Thank you, love for the time we spent together earlier. Even if you were taking care of business, it was still good to talk to you and be able to share and just be with you. It’s funny…I remind myself of a small child and the way they just want to be in their parents presence. It does not matter what their parent is doing, they are content to just sit at their feet and find a way to occupy themselves, as long as they are allowed to be in the presence of the one that is their world. That is the way I feel…I am perfectly happy as long as I am there. I know that to some, that may seem odd…even unhealthy, but I am ok with that. I am happy there…and while I realize that I may not ALWAYS need to be there ALL the time, it is where I prefer to be now. I feel safe and protected there…and I need that right now…and that is okay!

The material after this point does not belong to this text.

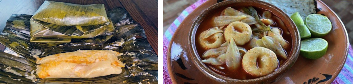 Figura 2. Tamales y caldo de flor de izote. Foto: J. Pale y Miguel Á. Contreras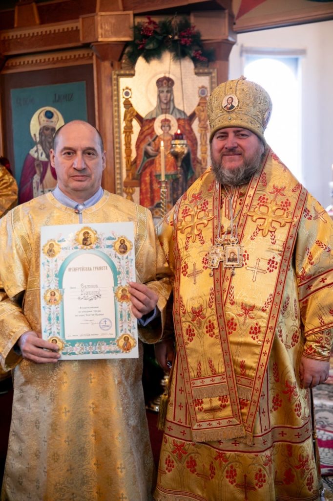 На малом входе за усердные труды по благоукрашению храма и достойному содержанию всего Патриаршего имения настоятель прихода священник Артемий Куликовский был удстоен владыкой богослужебной награды – права ношения камилавки.

Anyone does not have to be around me long to know that you are my world anyway. Most everything I say is “V speak”! I can meet a total stranger in SL and strike up an innocent conversation and before you know it…I am speaking of V! No matter what topic they pick…I will find a way to relate it to you. It is almost like I have found a new “victim” to bore to death with my Vspeak! “Oh yes! Vanish, my husband, is a builder. He built the home we live in now and it is quite lovely. There are lots of things to do and see there, you should come visit!”
And god forbid that someone should begin to talk of their love for someone else because that just gives me the perfect avenue to tell them about MY love and how we met and how GLORIOUSLY happy we are. And then of course you have the ones that moan about how they have yet to find anyone in SL and then I just have to share how I was not actively looking for a partner when you found me…and that when the right one comes along they will know it and it will be WONDERFUL!

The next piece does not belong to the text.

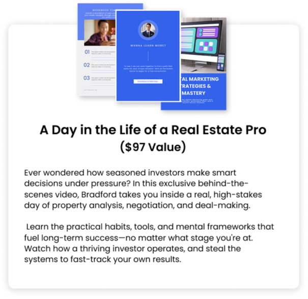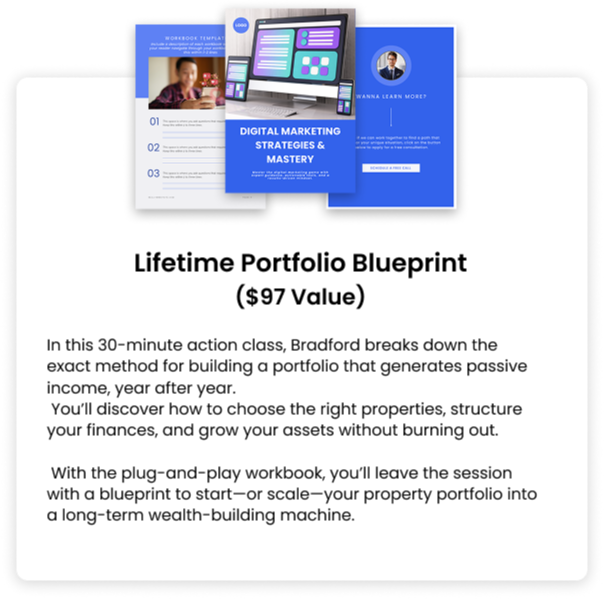In this 30-minute action class, Bradford breaks down the exact method for building a portfolio that generates passive income, year after year. You’ll discover how to choose the right properties, structure your finances, and grow your assets without burning out.

And should I stumble upon that poor soul that just wants to know where I bought my latest dress or hair, I will gladly tell them where to go…right after I tell them that I am just shopping myself to occupy my time until I can finally see my amazing husband V, again! I am sure most of them are just DYING to get away from me, but there are an occasional few who look at my profile and comment on the words I have written there. I am ALWAYS happy to share with them how MOVED I always am at the thought of my tender, caring partner V….and inevitably refer them to the TD.

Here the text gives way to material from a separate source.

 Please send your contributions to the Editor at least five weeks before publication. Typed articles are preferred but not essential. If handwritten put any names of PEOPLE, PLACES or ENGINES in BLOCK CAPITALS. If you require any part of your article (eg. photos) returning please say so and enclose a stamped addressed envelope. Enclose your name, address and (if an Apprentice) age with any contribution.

One would think that it would be better for our personal friends, they DO after all, already know “the story”…and almost every aspect of our lives,both in SL and in RL…and yet, they are probably the ones that suffer the most. I cannot even drive down the road with my room mate for telling her that “This looks like the pictures *** has shown me of Germany! It looks really lovely there. Do you know what he told me yesterday?”….and OFF I go…droning on and on about some little something that we discussed…finding SOME way to make it relevant to whatever is going on around me at the time. Poor souls! I am sure there will be a special place in heaven for them! There is BOUND to be some kind of compensation for those that have to listen to me!
I even find myself, when I am alone….telling ME how much I wish you could see the surroundings…and share the new discoveries that I make each day. And so I just store them away for safe keeping and then I bombard YOU with them the next time I see you!
SO…the next time you are tempted to tell me that I do not HAVE to write the TD DAILY if I don’t want to…just keep in mind that you are keeping some poor soul from having to listen to me! It is allowing me to get my daily allowance of V speak! It may save someone else, but you…my poor love…are destined to have to listen to me. May all my words be pleasing to your ears…and all my kisses pleasing to your lips!